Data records
===============

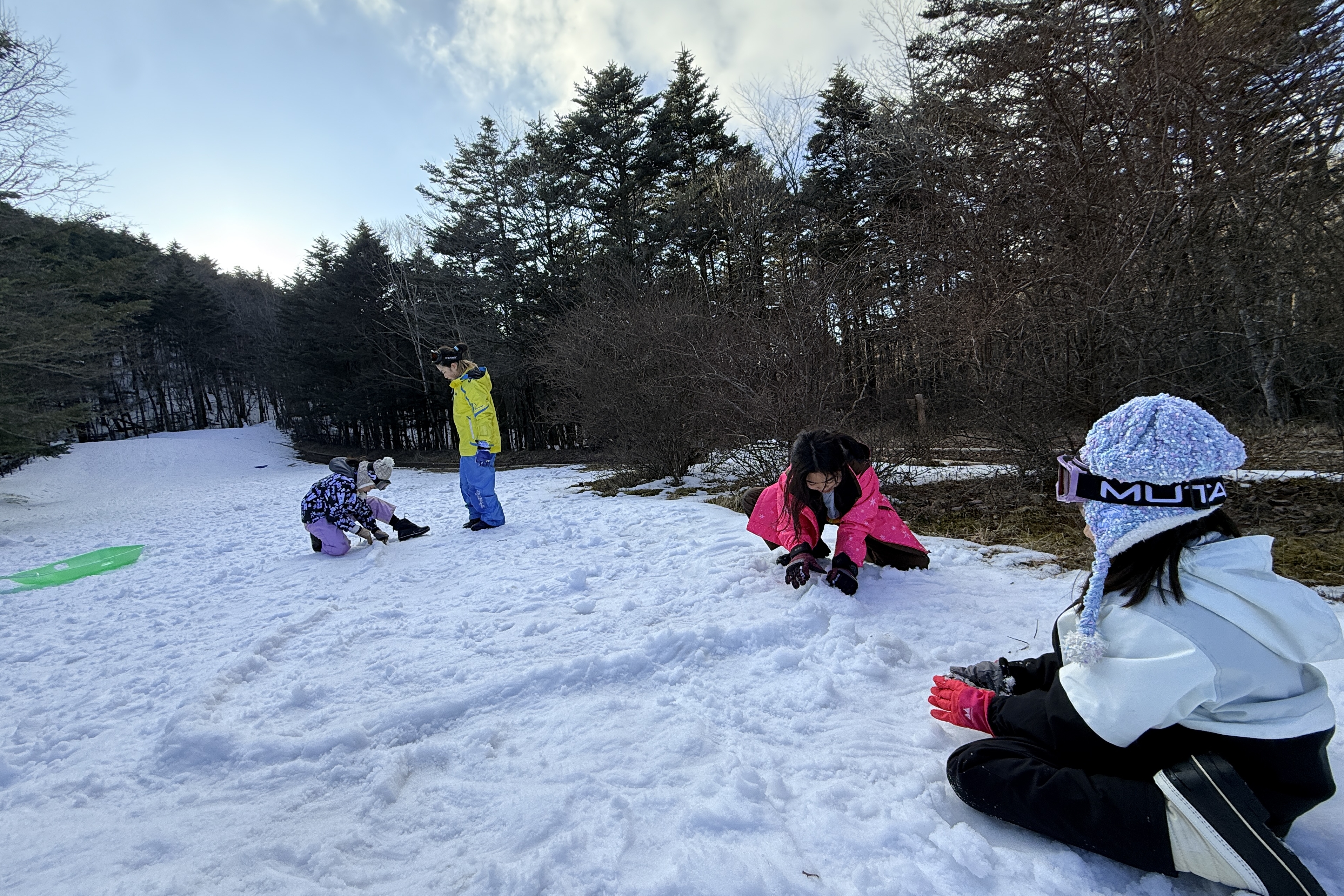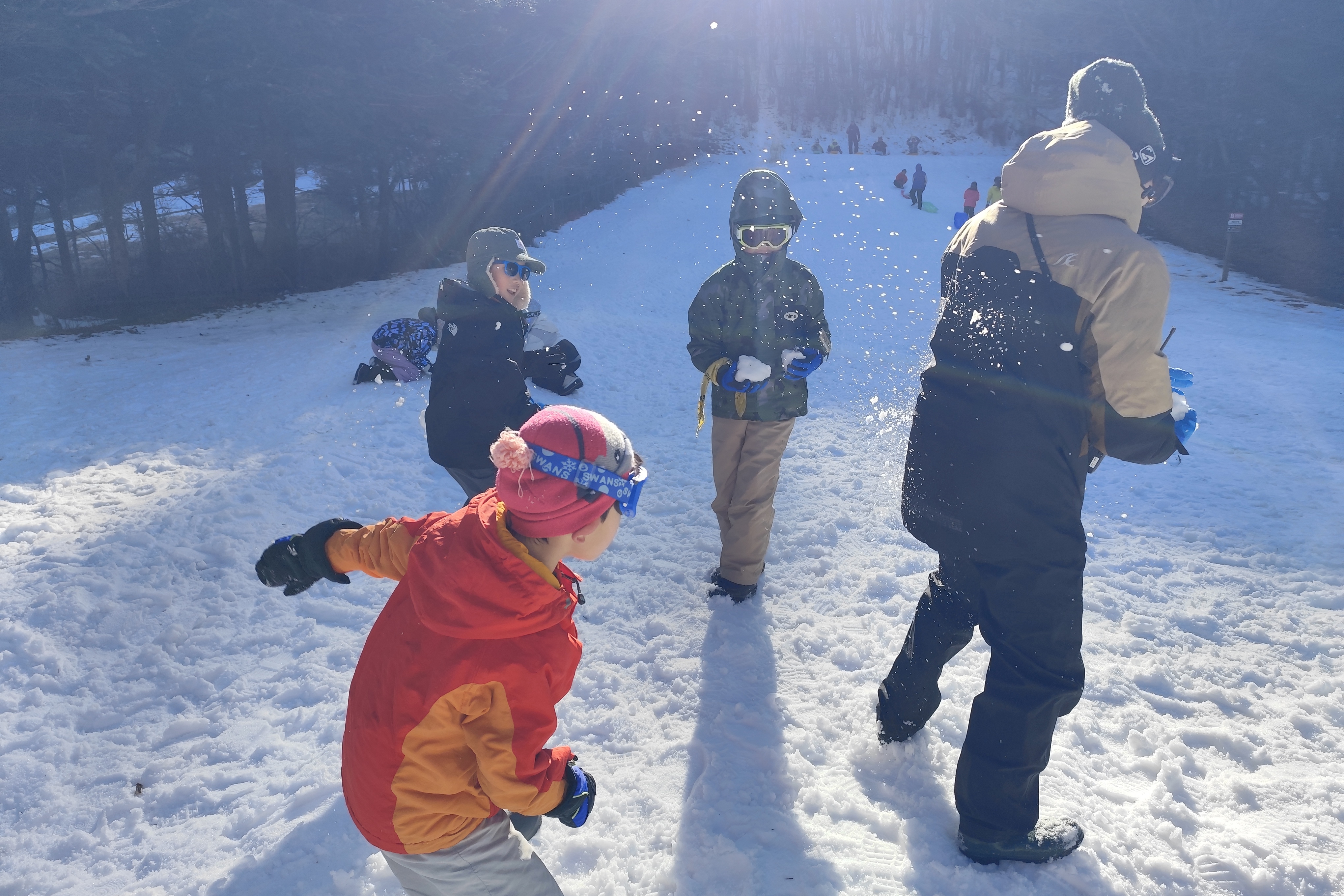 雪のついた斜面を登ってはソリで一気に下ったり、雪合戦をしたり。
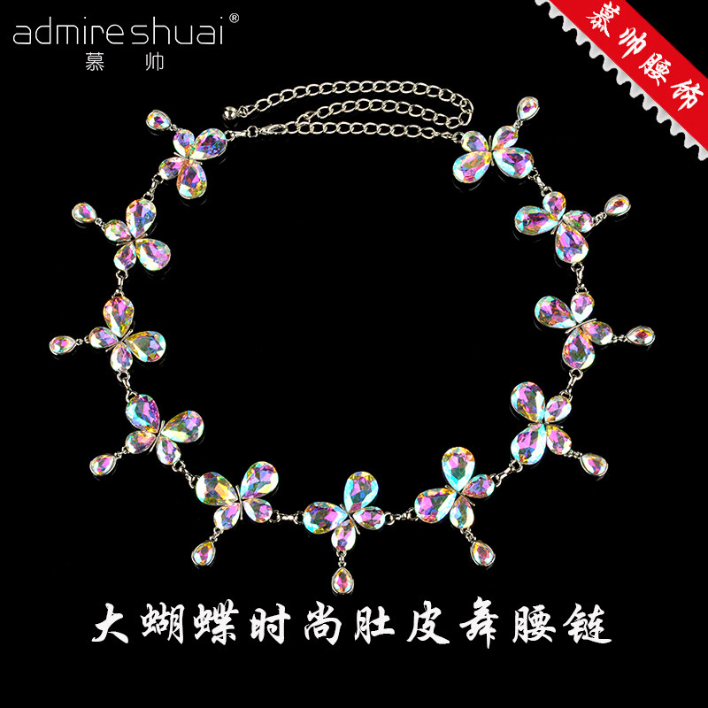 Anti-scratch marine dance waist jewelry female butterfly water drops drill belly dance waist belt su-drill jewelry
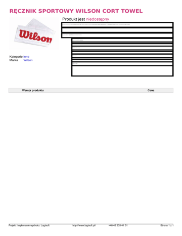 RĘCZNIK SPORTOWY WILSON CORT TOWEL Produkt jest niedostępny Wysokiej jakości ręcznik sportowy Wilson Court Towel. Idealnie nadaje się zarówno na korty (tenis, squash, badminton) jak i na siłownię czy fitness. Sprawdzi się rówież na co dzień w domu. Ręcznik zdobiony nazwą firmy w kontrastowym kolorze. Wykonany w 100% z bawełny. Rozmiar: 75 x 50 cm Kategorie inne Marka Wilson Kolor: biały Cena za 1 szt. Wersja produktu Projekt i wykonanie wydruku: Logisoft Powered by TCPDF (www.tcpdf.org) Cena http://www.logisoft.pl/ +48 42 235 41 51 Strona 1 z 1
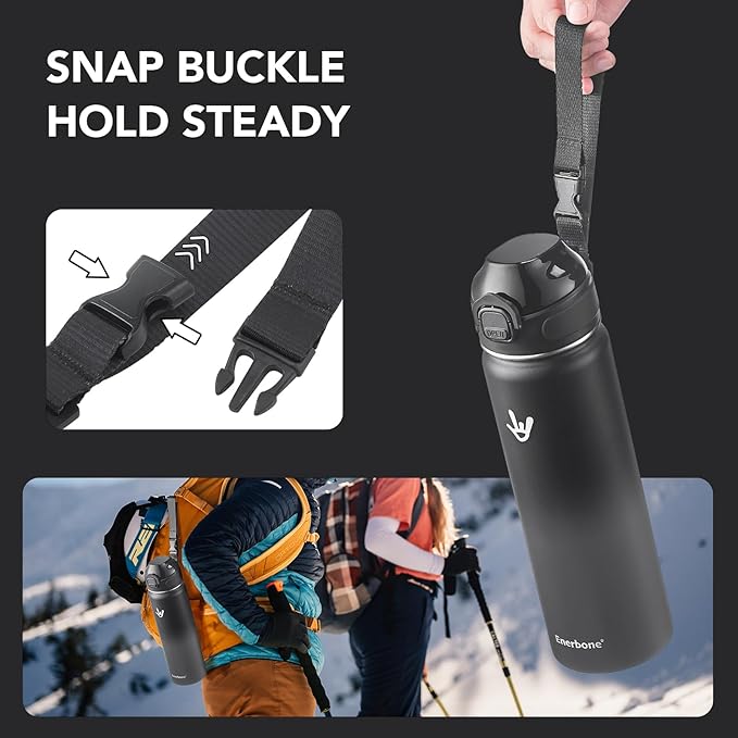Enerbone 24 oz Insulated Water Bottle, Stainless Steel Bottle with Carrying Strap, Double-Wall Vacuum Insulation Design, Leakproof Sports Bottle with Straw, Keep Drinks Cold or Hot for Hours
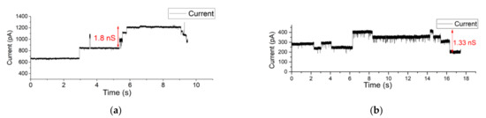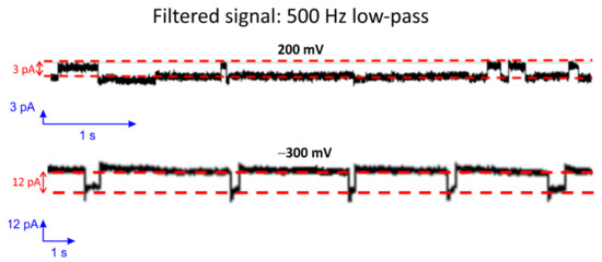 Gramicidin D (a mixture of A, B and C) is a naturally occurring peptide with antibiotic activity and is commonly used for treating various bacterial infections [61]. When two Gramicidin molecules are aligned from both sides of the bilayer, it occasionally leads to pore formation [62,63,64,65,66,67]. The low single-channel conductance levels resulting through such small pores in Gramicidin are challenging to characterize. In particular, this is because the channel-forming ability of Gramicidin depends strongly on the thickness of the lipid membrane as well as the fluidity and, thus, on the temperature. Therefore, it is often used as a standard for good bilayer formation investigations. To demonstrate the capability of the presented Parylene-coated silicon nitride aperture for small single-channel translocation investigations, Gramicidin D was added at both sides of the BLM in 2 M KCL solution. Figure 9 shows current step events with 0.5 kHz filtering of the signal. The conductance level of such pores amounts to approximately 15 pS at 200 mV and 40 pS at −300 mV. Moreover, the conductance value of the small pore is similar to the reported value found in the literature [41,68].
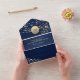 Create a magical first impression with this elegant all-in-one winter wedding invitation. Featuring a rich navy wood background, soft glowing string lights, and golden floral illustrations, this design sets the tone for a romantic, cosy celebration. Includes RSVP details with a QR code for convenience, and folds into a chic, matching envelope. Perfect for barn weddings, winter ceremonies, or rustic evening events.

===============

§ **Goal of the exercise**
Return all of the entries word for word, but omit the pictures.

§ **Final answer**
 雪のついた斜面を登ってはソリで一気に下ったり、雪合戦をしたり。
 Anti-scratch marine dance waist jewelry female butterfly water drops drill belly dance waist belt su-drill jewelry
 RĘCZNIK SPORTOWY WILSON CORT TOWEL Produkt jest niedostępny Wysokiej jakości ręcznik sportowy Wilson Court Towel. Idealnie nadaje się zarówno na korty (tenis, squash, badminton) jak i na siłownię czy fitness. Sprawdzi się rówież na co dzień w domu. Ręcznik zdobiony nazwą firmy w kontrastowym kolorze. Wykonany w 100% z bawełny. Rozmiar: 75 x 50 cm Kategorie inne Marka Wilson Kolor: biały Cena za 1 szt. Wersja produktu Projekt i wykonanie wydruku: Logisoft Powered by TCPDF (www.tcpdf.org) Cena http://www.logisoft.pl/ +48 42 235 41 51 Strona 1 z 1
Enerbone 24 oz Insulated Water Bottle, Stainless Steel Bottle with Carrying Strap, Double-Wall Vacuum Insulation Design, Leakproof Sports Bottle with Straw, Keep Drinks Cold or Hot for Hours
 Gramicidin D (a mixture of A, B and C) is a naturally occurring peptide with antibiotic activity and is commonly used for treating various bacterial infections [61]. When two Gramicidin molecules are aligned from both sides of the bilayer, it occasionally leads to pore formation [62,63,64,65,66,67]. The low single-channel conductance levels resulting through such small pores in Gramicidin are challenging to characterize. In particular, this is because the channel-forming ability of Gramicidin depends strongly on the thickness of the lipid membrane as well as the fluidity and, thus, on the temperature. Therefore, it is often used as a standard for good bilayer formation investigations. To demonstrate the capability of the presented Parylene-coated silicon nitride aperture for small single-channel translocation investigations, Gramicidin D was added at both sides of the BLM in 2 M KCL solution. Figure 9 shows current step events with 0.5 kHz filtering of the signal. The conductance level of such pores amounts to approximately 15 pS at 200 mV and 40 pS at −300 mV. Moreover, the conductance value of the small pore is similar to the reported value found in the literature [41,68].
 Create a magical first impression with this elegant all-in-one winter wedding invitation. Featuring a rich navy wood background, soft glowing string lights, and golden floral illustrations, this design sets the tone for a romantic, cosy celebration. Includes RSVP details with a QR code for convenience, and folds into a chic, matching envelope. Perfect for barn weddings, winter ceremonies, or rustic evening events.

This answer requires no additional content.